Now X11 should be ready for a restart. Take a look at the xfree config files I mentioned above. 

Optional: You can install the program "SisCtrl" to change parameters of your chipset on-the-fly. Download its source from Thomas Winischhofer's page, extract the files to a directory of your choice and read the README file.

----------

## prometheus0815

thanks bastler for that howto. the next time i feel i need a new version of X for my L3500D, i'll do it your way. the last time, i simply checked my version of X and downloaded the appropriate binary driver from thomas' site. copied it to the right place and --- done! works fine, but now that we're using gentoo anyway, we should do it the "right" way, of course  :Wink: 

----------

## der bastler

Yesterday I gave my first lecture (*) using OpenOffice Impress and Xine. The additional VGA connector worked great with the new driver and its control tool SiSCtrl. No problems, it just worked out of the box: Great advertising for Linux, OpenOffice and Xine.  :Cool: 

One thing: Don't try Fn+F8 (hardware connector switch), it'll give you a hard-lock!

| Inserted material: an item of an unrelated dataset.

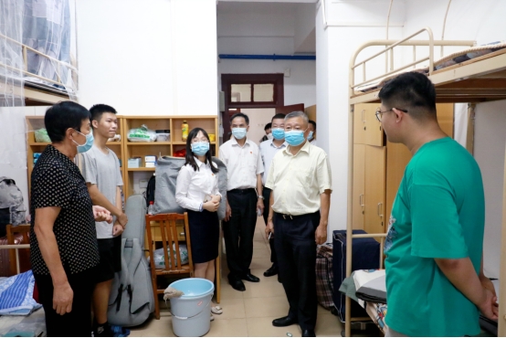 我校校长王庭槐(右二)与纪委书记杨卫华(左四)、广州校区分管校领导一同走访新生宿舍并向新生致以慰问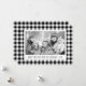 This rustic Christmas card features a background pattern of black and white buffalo check plaid. Customize it with your family's photo and a message in whimsical hand-printing style font.

* presenting the results of my B.Sc. thesis "speed control of an image derotator by image processing". Now there's some paperwork to do but I think I can spend some virtual champagne next week : :Wink: :

----------

## prometheus0815

hi all!

i'd like to turn the backlights of my asus l3500d off when the system is unused. my idea was to start the usual xscreensaver after 10 or 15 minutes of inactivity, and then turn the backlights off after 30 minutes. i guess this is possible via some echo to /proc. i wouldn't want to rely on backlights off alone since it would be rather stressful for the lights to be switched off and on all the time.

does anyone know the appropriate code and how to make it work in the above way? thanks for your replies!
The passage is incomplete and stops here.